- EXERCISE DETAILS -
A faithful copy of the data is what is wanted, minus any pictures.

- SUPPLIED MATERIAL -
Content starts
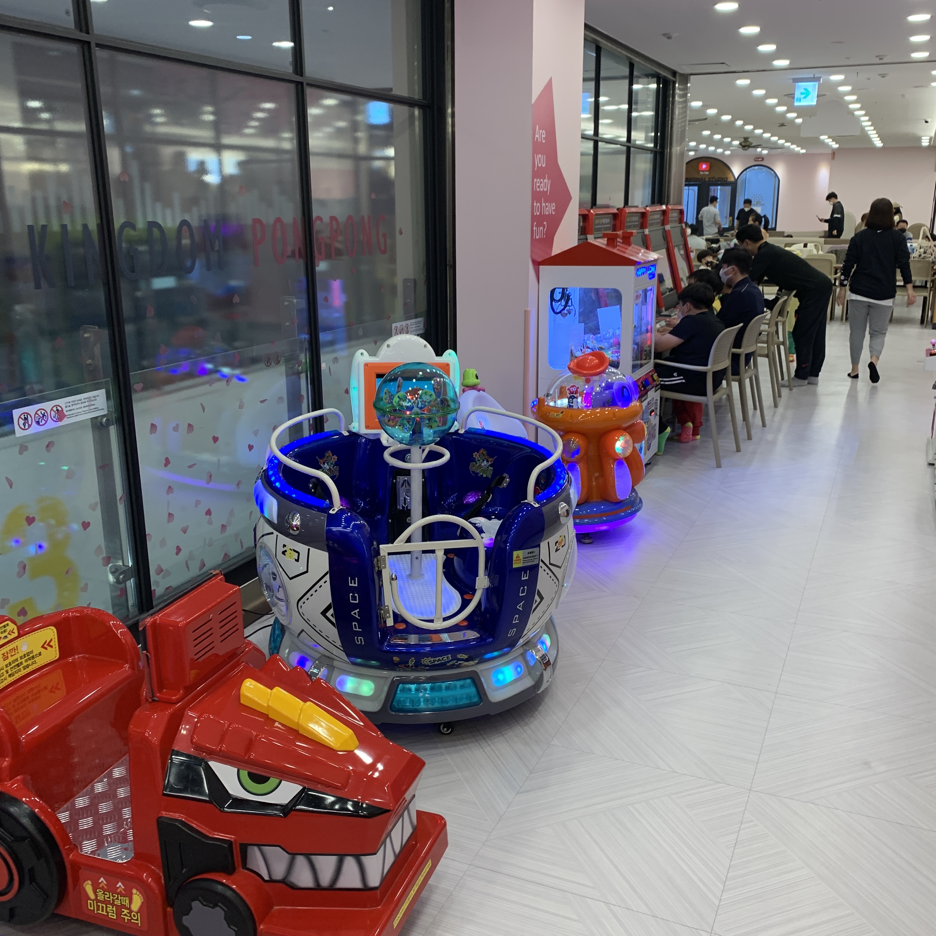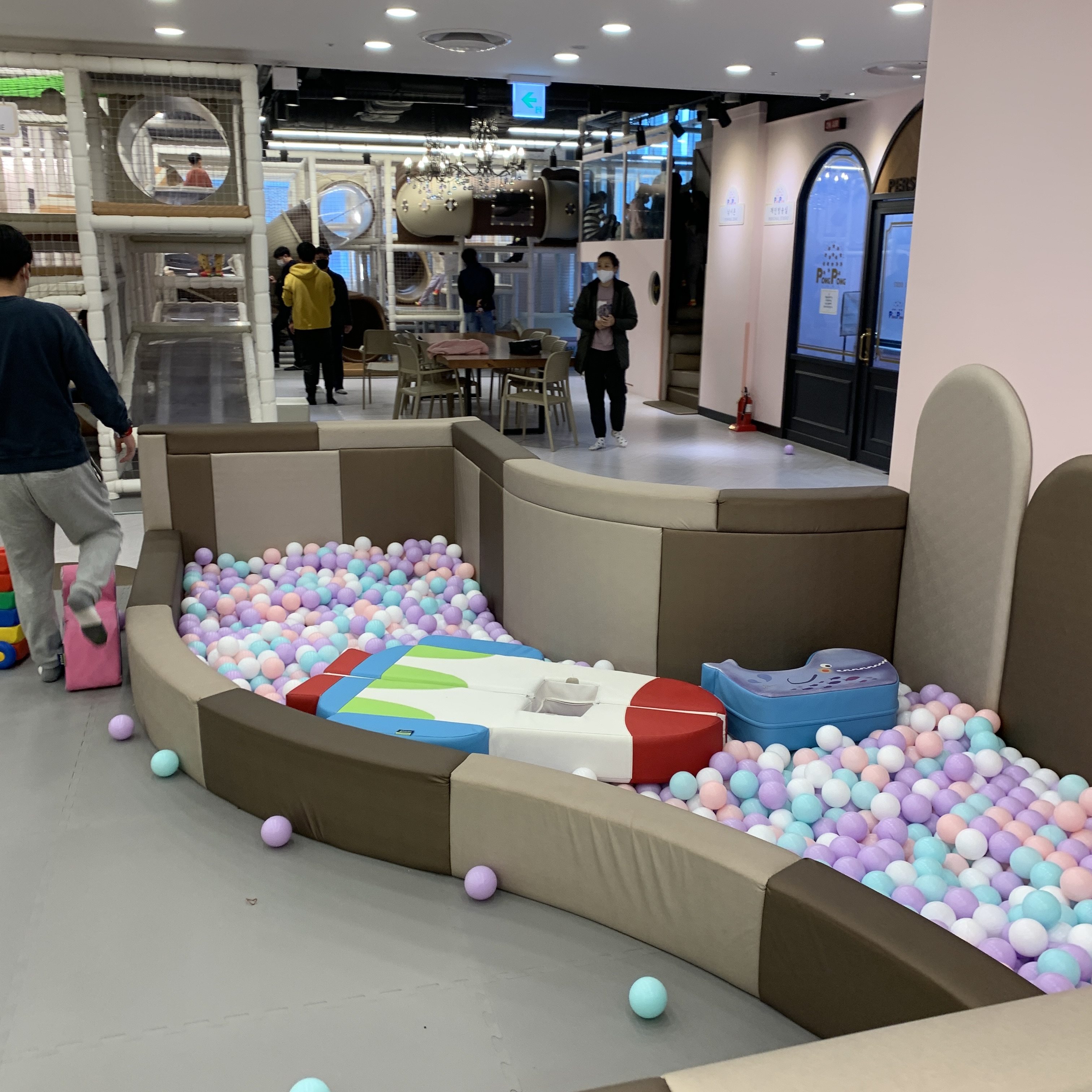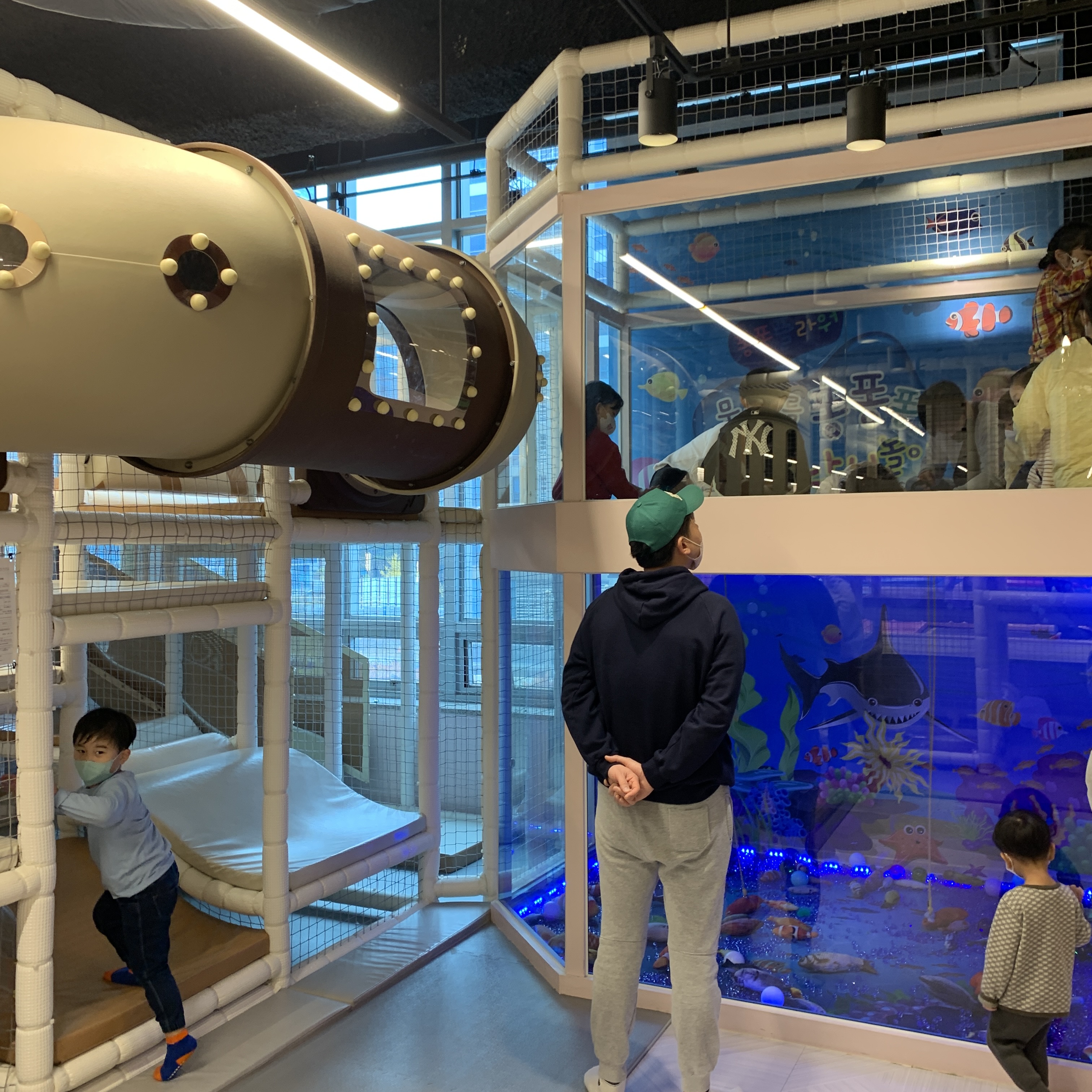 아이들이 놀 수 있는 대형 실내 4층 놀이터. 안에 미끄럼틀도 있고, 구름다리, 장애물이 있다. 아들이랑 같이 놀려고 들어갔는데 성인, 특히 아빠들에게는 안에서 돌아다니기에는 너무 좁다. 몇번 돌아다니다가 몸이 불편해서 안들어갔다. 그리고 사진 우측에는 어린이 낚시존이 있다. 1층에는 여러가지 바다생물들이 놓여져있고 2층에서 낚시대로 잡아올리는 놀이다. 서로 좌석이 붙어있어 주변에 갖다 대기만 하면 붙는다.
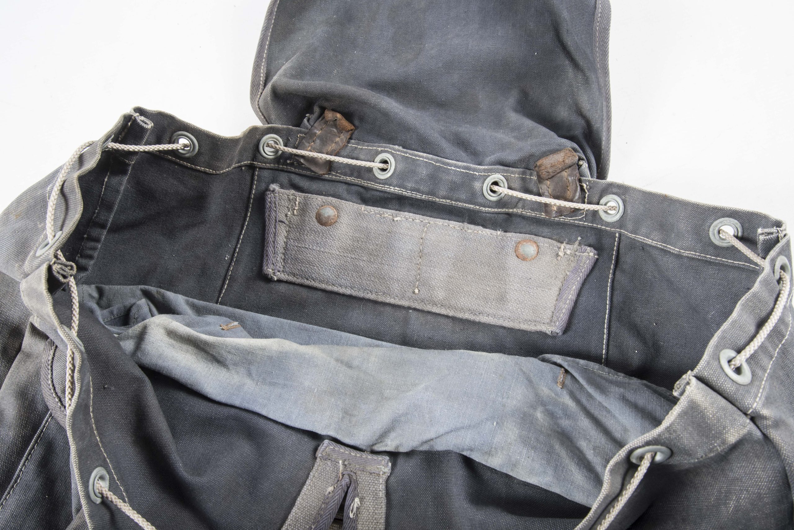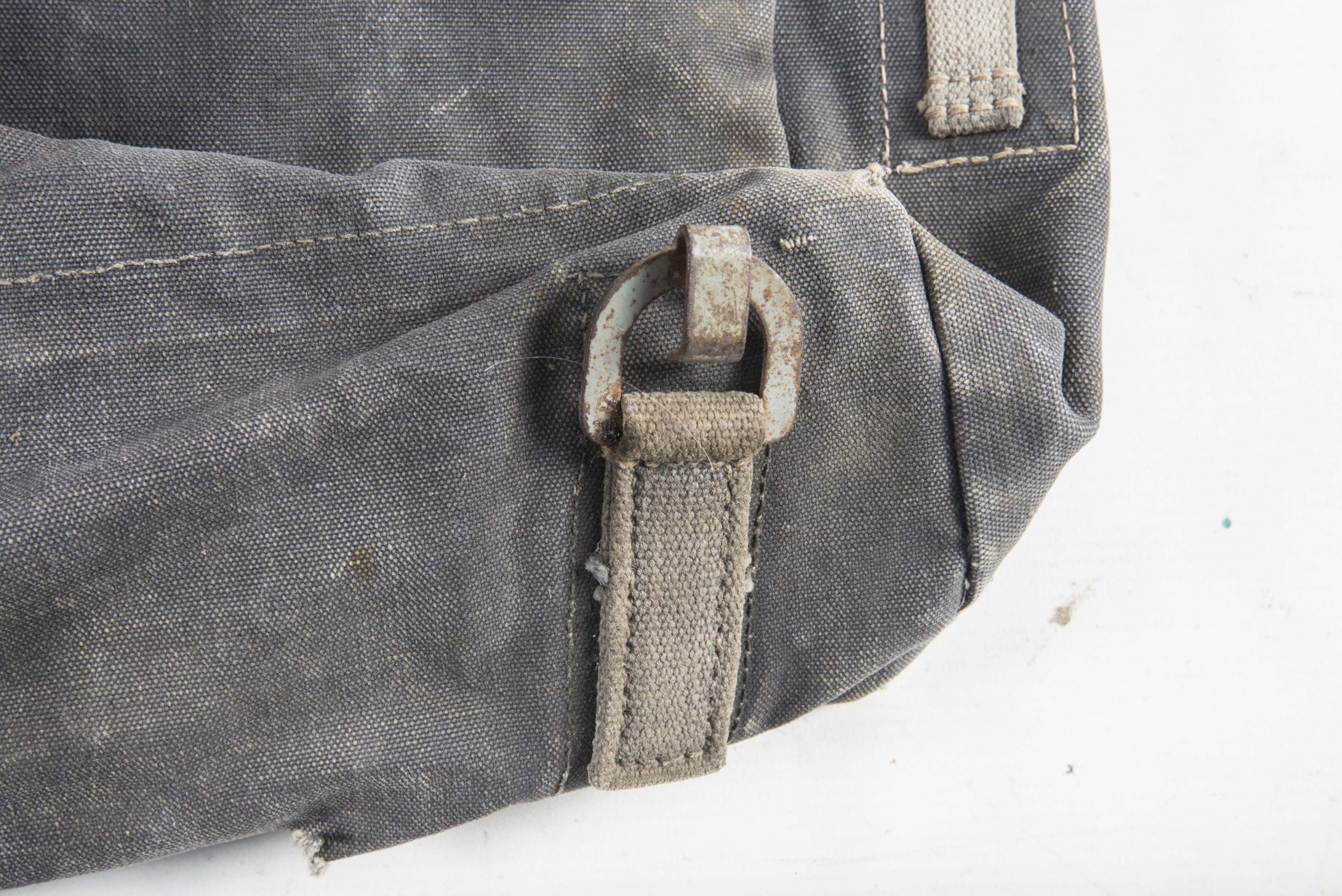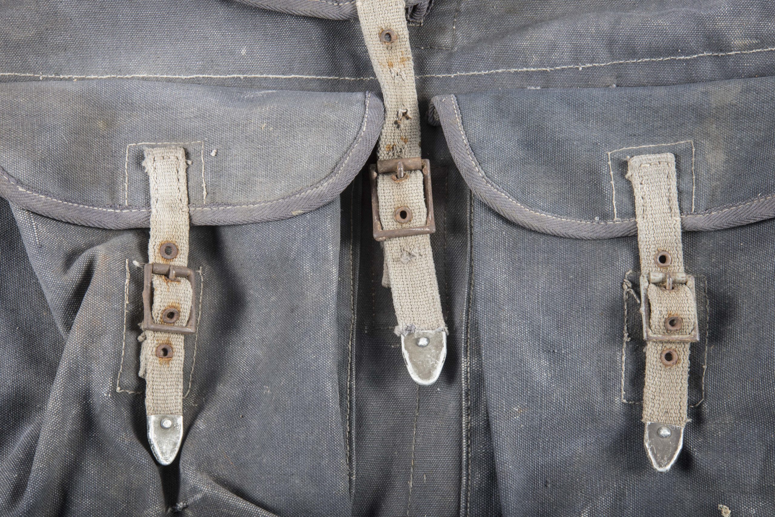 M44 rucksack in blue canvas with webbing straps. Not to be confused with a Luftwaffe issue rucksack; this one was meant to be issued to the Heer, Waffen-SS, Luftwaffe and the Kriegsmarine. Nice late war variant in used condition!
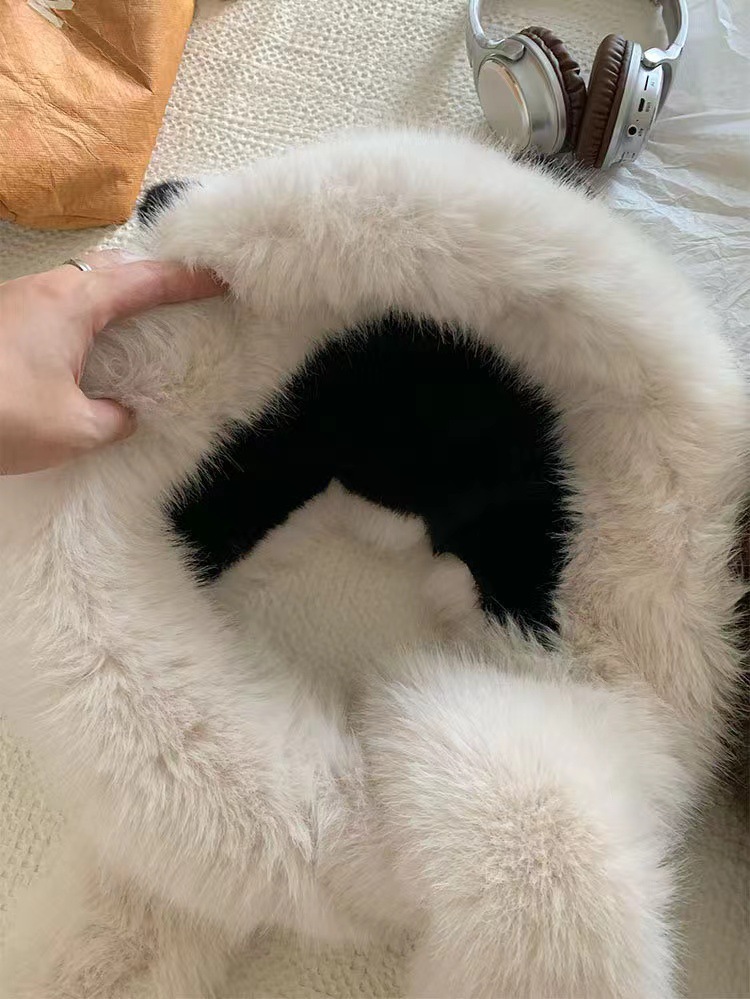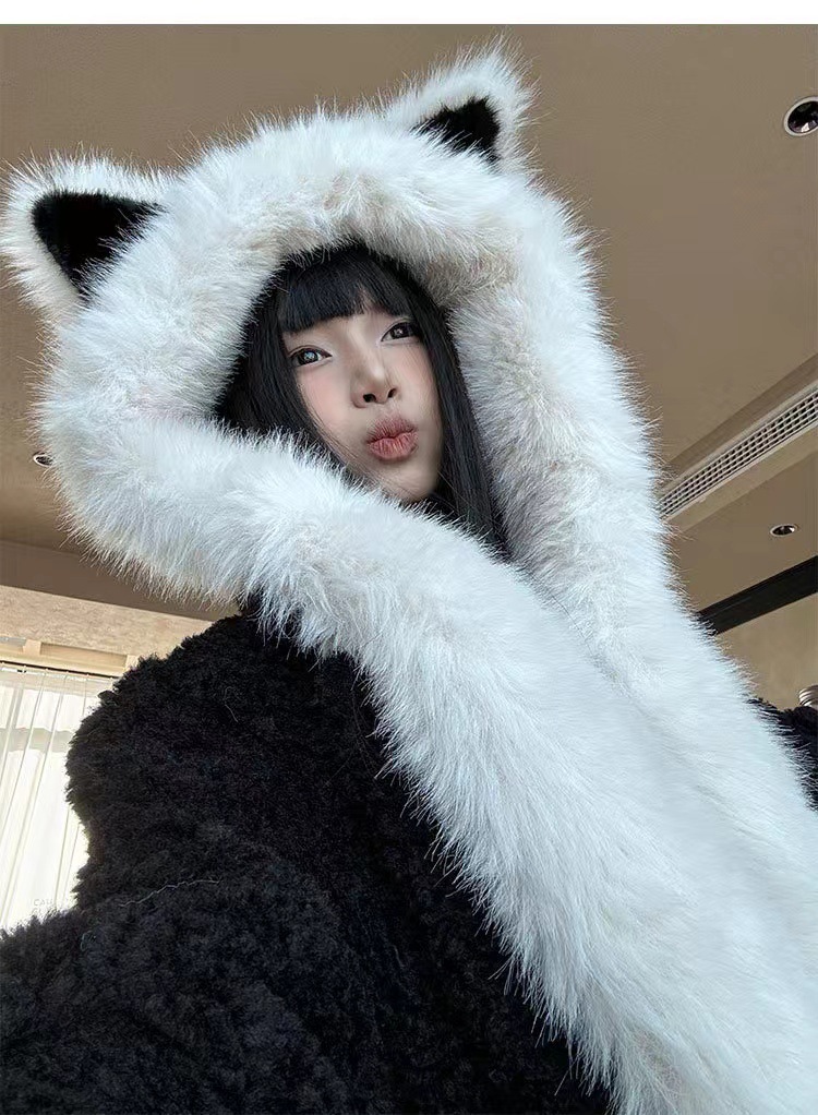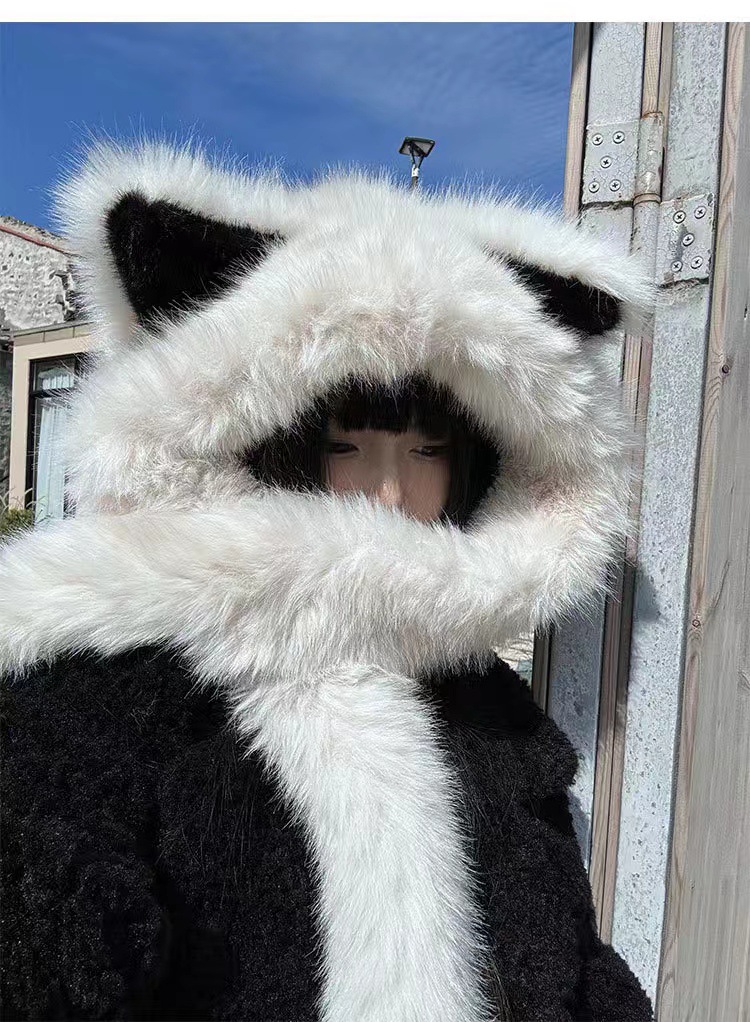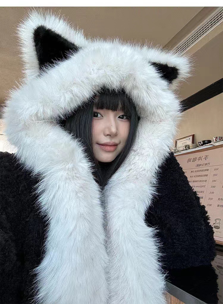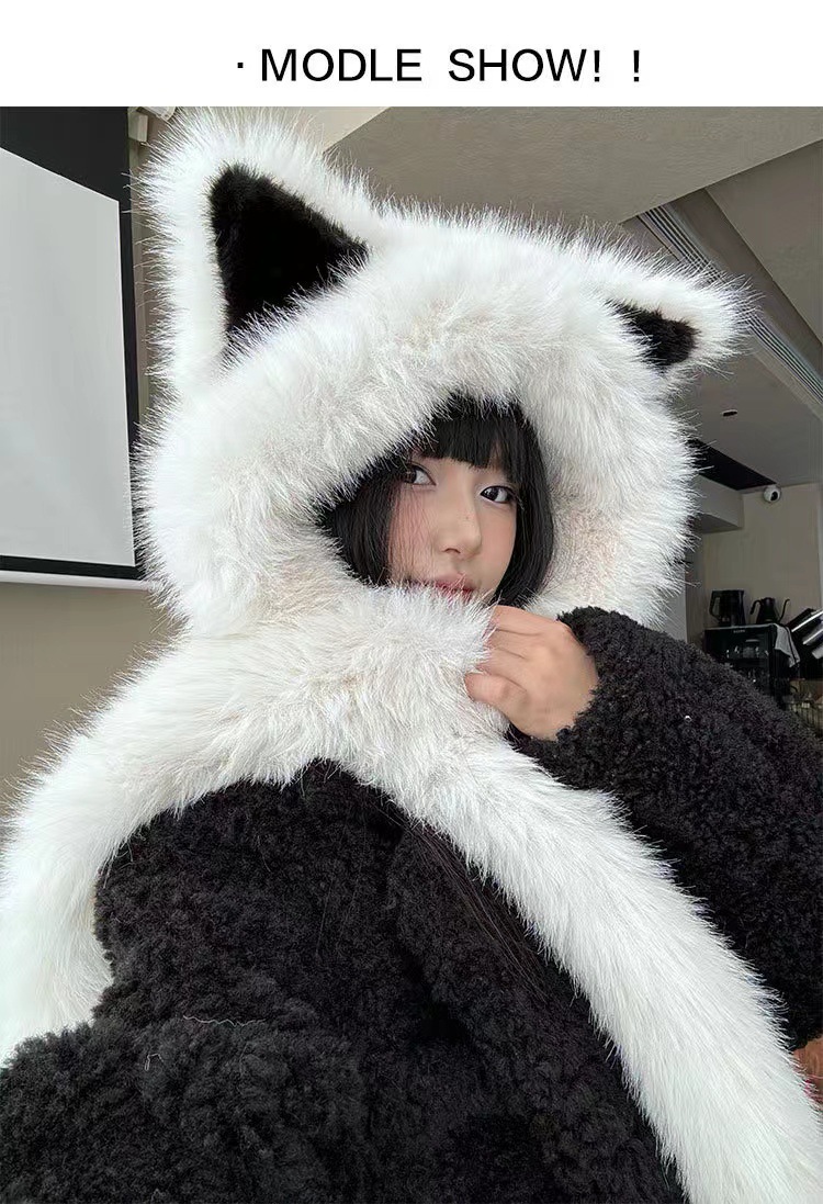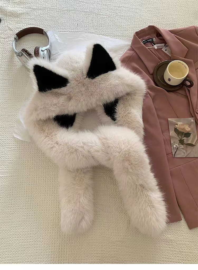 Faux Fur Fox Ear Hooded Scarf – Cozy Winter Wrap
Content ends
- REPLY TO THE EXERCISE -
 아이들이 놀 수 있는 대형 실내 4층 놀이터. 안에 미끄럼틀도 있고, 구름다리, 장애물이 있다. 아들이랑 같이 놀려고 들어갔는데 성인, 특히 아빠들에게는 안에서 돌아다니기에는 너무 좁다. 몇번 돌아다니다가 몸이 불편해서 안들어갔다. 그리고 사진 우측에는 어린이 낚시존이 있다. 1층에는 여러가지 바다생물들이 놓여져있고 2층에서 낚시대로 잡아올리는 놀이다. 서로 좌석이 붙어있어 주변에 갖다 대기만 하면 붙는다.
 M44 rucksack in blue canvas with webbing straps. Not to be confused with a Luftwaffe issue rucksack; this one was meant to be issued to the Heer, Waffen-SS, Luftwaffe and the Kriegsmarine. Nice late war variant in used condition!
 Faux Fur Fox Ear Hooded Scarf – Cozy Winter Wrap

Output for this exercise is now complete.